The court in Glanzer stated that the "second leg of the instrumentality exception is established where the wrong alleged is a result of fraudulent, unjust or illegal acts." Id. The Court finds informative Judge Schreier's opinion in Burke v. Ability Ins. Co., 926 F.Supp.2d 1056 (D.S.D. 2013). There, the court held that plaintiffs had established a prima facie case of personal jurisdiction based on piercing the corporate veil or alter ego. The court stated that:
There is evidence to suggest that all entities were potentially engaging in unjust conduct through their handling of the claimant's or Hermsen's policies. If those defendants were involved in the alleged fault or harm caused against Hermsen and the noncontracting defendants were dismissed or liability could not be apportioned to them, then an injustice or inequity could result Although fault must first be established by a jury, the jury should be allowed to apportion fault as it sees fit to prevent injustice and to properly distribute liability. See Kansas Gas & Elec.
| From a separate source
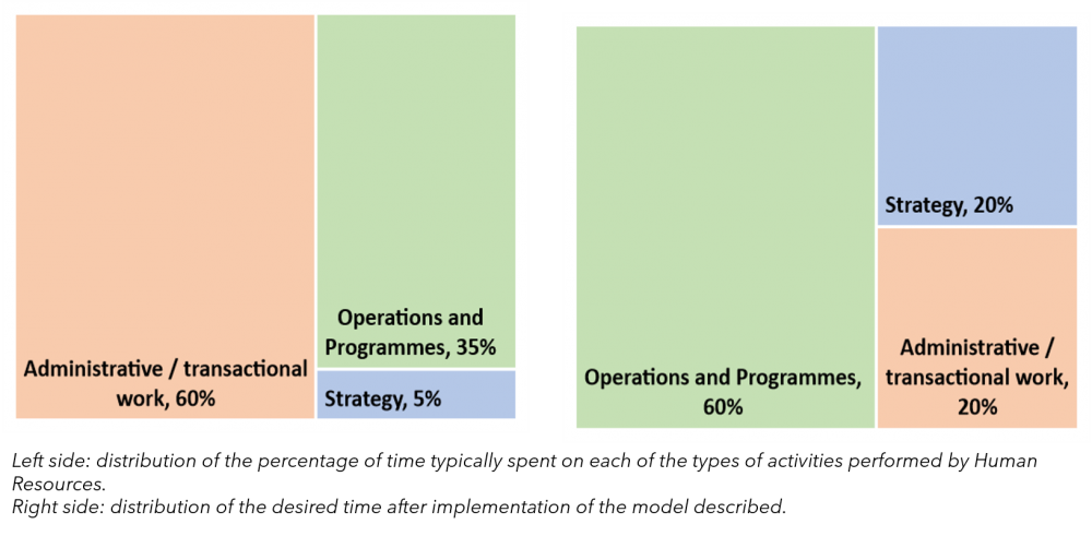The transformation of the Human Resources programme requires an in-depth analysis of the administrative work performed by the team. Typically, the time spent by these teams on transactional activities with little added value averages 60%. To invert the distribution of time spent on each process, as illustrated below, it is necessary to transform transactional work into support tasks with added value.

Co. v. Ross, 521 N.W.2d 107, 112 (S.D. 1994) (asking whether "adherence to the fiction of separate corporate existence [would] sanction fraud, promote injustice or inequitable consequences or lead to an evasion of legal obligations.").Id. at 1065.
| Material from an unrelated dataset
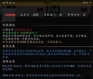 高贵的破防伤害,每累计打3次下回合任何枪棍都能打破防伤害,玩家满血被秒的【玉龙百式】可能就是有这个加成。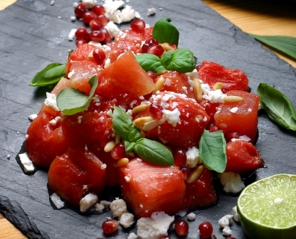 Watermelon is in season and at its absolute best right now, juicy, and when served chilled, extremely refreshing. The addition of crumbly feta cheese, pine nuts, lime, pomegranate and basil creates a well-rounded flavor and nutritional profile.

In Plaintiffs' claim for deceit, they allege that Nick Ghiselli, Chief Legal Officer for Constellation made the unconditional offer to contribute $2 million to a global settlement. (Doc. 44, ¶¶ 20, 191). It is alleged that in a September 27, 2019, letter, MMIC admitted through its coverage counsel Mark Malloy, that "a mutual release was always going to be a contingency of any MMIC contribution toward settlement." (Doc. 44, ¶ 99). Plaintiffs also allege that MMIC, through Giselli, suppressed the fact that MMIC promised to contribute $2 million unconditionally toward a global settlement without any intention of performing in violation of SDCL § 20-10-2(4). (Doc. 44, ¶¶ 201-05).
Based on the direct involvement of Ghiselli, an officer of Constellation, in the alleged deceit and bad faith conduct, the Court will, at this stage, allow Plaintiffs' claims to proceed against Constellation. Further discovery may show that Constellation's involvement in the alleged unjust conduct is insufficient to warrant piercing the corporate veil and the Court reserves the right to revisit this issue. However, further discovery may also show that Constellation's involvement was even greater than that alleged. The Court notes as an aside that in the emails attached to the Declaration of Laura Hansen in her Motion to Dismiss show that President and Chief Executive Officer of Constellation, Inc., William J. McDonough, was kept abreast of the developments in the litigation and settlement of the Sossan Lawsuits and had approved of Ghiselli's letter to Avera affirming MMIC's commitment to contribute $2 million to a global resolution of the Sossan Lawsuits. (Doc. 51-4 at 618-19).
Accordingly, it is hereby ORDERED that Defendants' Motion to Dismiss (Doc. 49) is GRANTED IN PART and DENIED IN PART as follows:
1) GRANTED as to Avera's claim for breach of duty to defend;
2) DENIED as to LCSH's claim for breach of duty to defend;
3) DENIED as to Avera and LCSH's claims for bad faith;
4) DENIED as to Avera and LCSH's claims for breach of duty to indemnify;
5) DENIED as to Avera and LCSH's Count V breach of contract claim;
6) DENIED as to Avera and LCSH's claims for promissory estoppel;
7) DENIED as to Avera and LCSH's claim for deceit; and
8) DENEID as to Avera and LCSH"s claim for piercing the corporate veil.